Click to listen to commentary on the report from the Education Gadfly Show podcast |
Weary of studies that lump
charter schools together and treat them as a monolithic entity? This one,
conducted by top-notch researchers at Harvard’s Center for Education Policy Research and MIT takes a step in the right direction
by parsing effects for urban and nonurban charter schools in Massachusetts. The
report is a follow-up to two earlier evaluations that were limited to schools in Boston
and Lynn. Once again, analysts conduct both a lottery analysis (comparing
students accepted to oversubscribed charters with those who weren’t) and an
expanded observational study (comparing students in middle and high school
charters operating in the Bay State between 2002 and 2009, including the
undersubscribed schools, to those who attended traditional public schools).
Overall, the lottery analysis found that charter middle schools boost average
math scores but have little impact on average English language arts (ELA) scores.

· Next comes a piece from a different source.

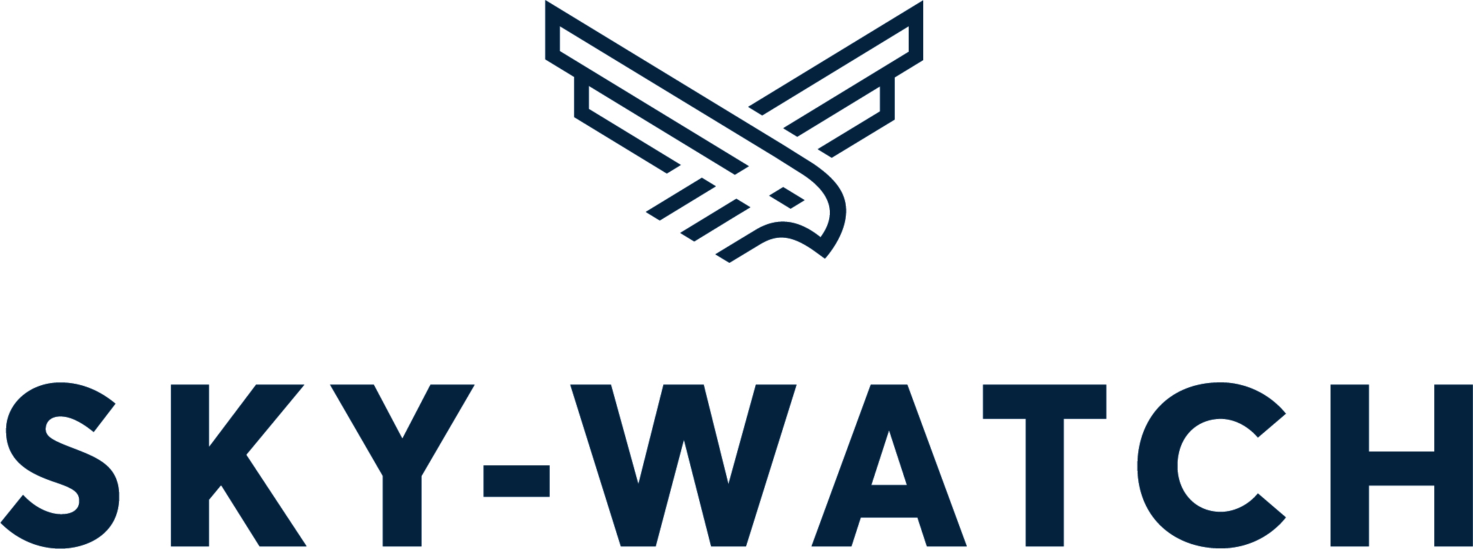 Sky-Watch Logo in Blue format

But when the data were disaggregated by school type, researchers found that urban
charter middle schools show significant positive effects on ELA and math
scores. Nonurban middle schools have the opposite impact: zero to negative
effect on a student’s ELA and math state test scores. In fact, while urban
charter schools do especially well with minority and low-income students and
moderately well for white students, nonurban middle schools fail to show gains
for any demographic subgroup, and even post some negative effects for
white students. Delving further, the authors survey school administrators, the
results showing that the successful urban charter schools tend to have longer
days, spend about twice as much time on language and math instruction as
nonurban schools, are more likely to ask parents and
students to sign contracts, and identify with the “no excuses” view on education. The differences in
achievement between the two types of charters, then, should come as little surprise.
Joshua D. Angrist, Sarah R. Cohodes, Susan M. Dynarski, Jon B. Fullerton, Thomas J. Kane, Parag A. Pathak, and Christopher R. Walters, “Student Achievement in Massachusetts’ Charter Schools,” (Cambridge, MA: Center for Education Policy Research at Harvard University, January 2011).